Win32Exception Class (System.ComponentModel)

I did not know about that. Does that mean I don't know how to program? That's like saying you don't know how to program because you don't know that the class you obtained an instance of a java.lang.reflect.Method object can be used as the first parameter of this method after calling newInstance. java.lang.reflect.Methodl#invoke(java.lang.Object, java.lang.Object...)

For example:

Code:

final Class<?> c = classLoader.loadClass(min.owner);
final Object o = c.newInstance();
System.out.println("\t" + c.getDeclaredMethod(min.name, String.class).invoke(o, ldc.cst));

Also, you are using the offsets the wrong way. If you ever find offsets in the info dump, they are most probably relative to 0x400000, which means you have to subtract that value when adding it to the baseaddress (simple math). Now of course that may seem like a pitfall for noobs, but then again this is an error in every third thread. Look into ASLR if you haven't already.

So I should either disable ASLR and rebase the pointers found in the info dump threads to 0x0 or subtract 0x400000 from the pointers (CurMgrPointer)? How is a newcomer even supposed to know the tradition behind the info dump threads? I didn't know that they were all rebased to 0x400000.

No offense, but an experienced programmer should know all the thing you've been told here.

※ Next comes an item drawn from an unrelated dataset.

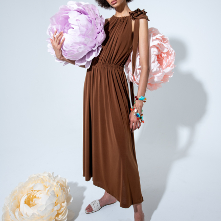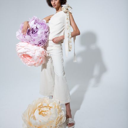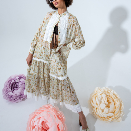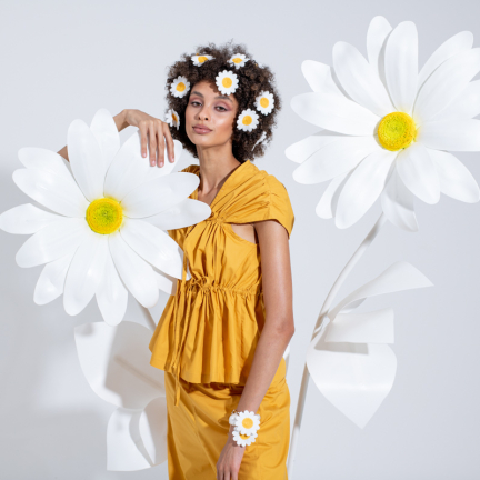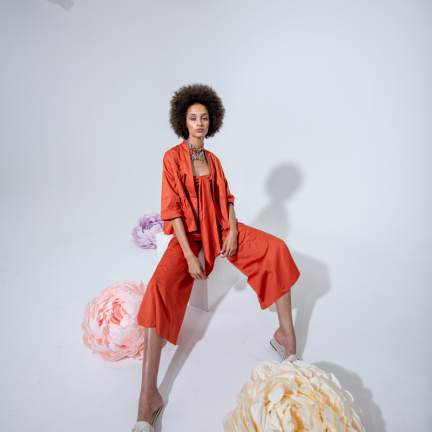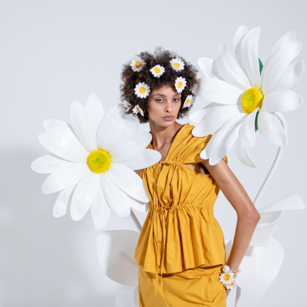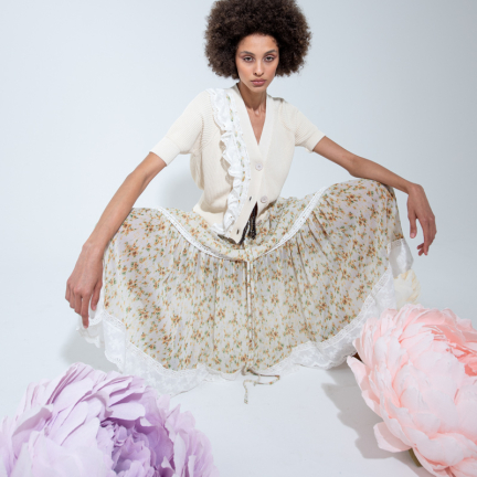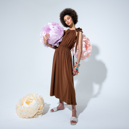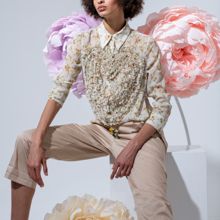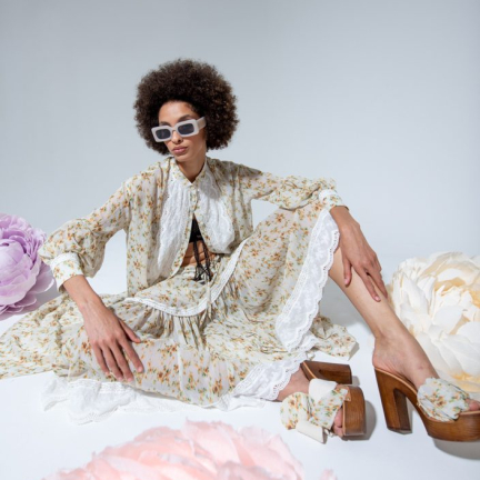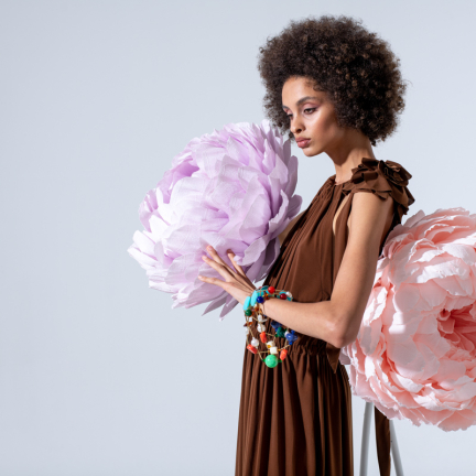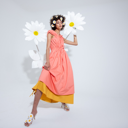 Uno shooting dinamico colorato e floreale per rappresentare la dinamicità del brand Rose A pois capace di vestire la donna con eleganza e spensieratezza.

Are you saying that you're not an experienced programmer because you didn't know what I said above to Bananenbrot?? Let's thoroughly examine what I've been told here.

It makes no sense to create patterns for 3.3.5a since the client will never chang

Patterns are used to find things again if the binary changes, but 3.3.5a stays always the same and you only have to reverse the functions - nothing else!

I definitely did not know this because the client I'm using is a download provided by Molten-WoW.com. It stated

Pre-installed and includes all patches.

so I figured that they would be using a slightly modified version. Was that really so wrong of me?

Check last win32 error code (+SetLastError), it will tell you why ReadProcessMemory fails.

So what you're saying, Empted, is that every experienced programmer knows this? Does that mean that you, assuming you're an experienced programmer, know how to catch and print the stack trace of both checked AND unchecked exceptions in Java? Interesting...

FYI: Using Win32Exception Class (System.ComponentModel) would be the way to go.

Same thing applies.

I hope this cleared up some confusion we were having.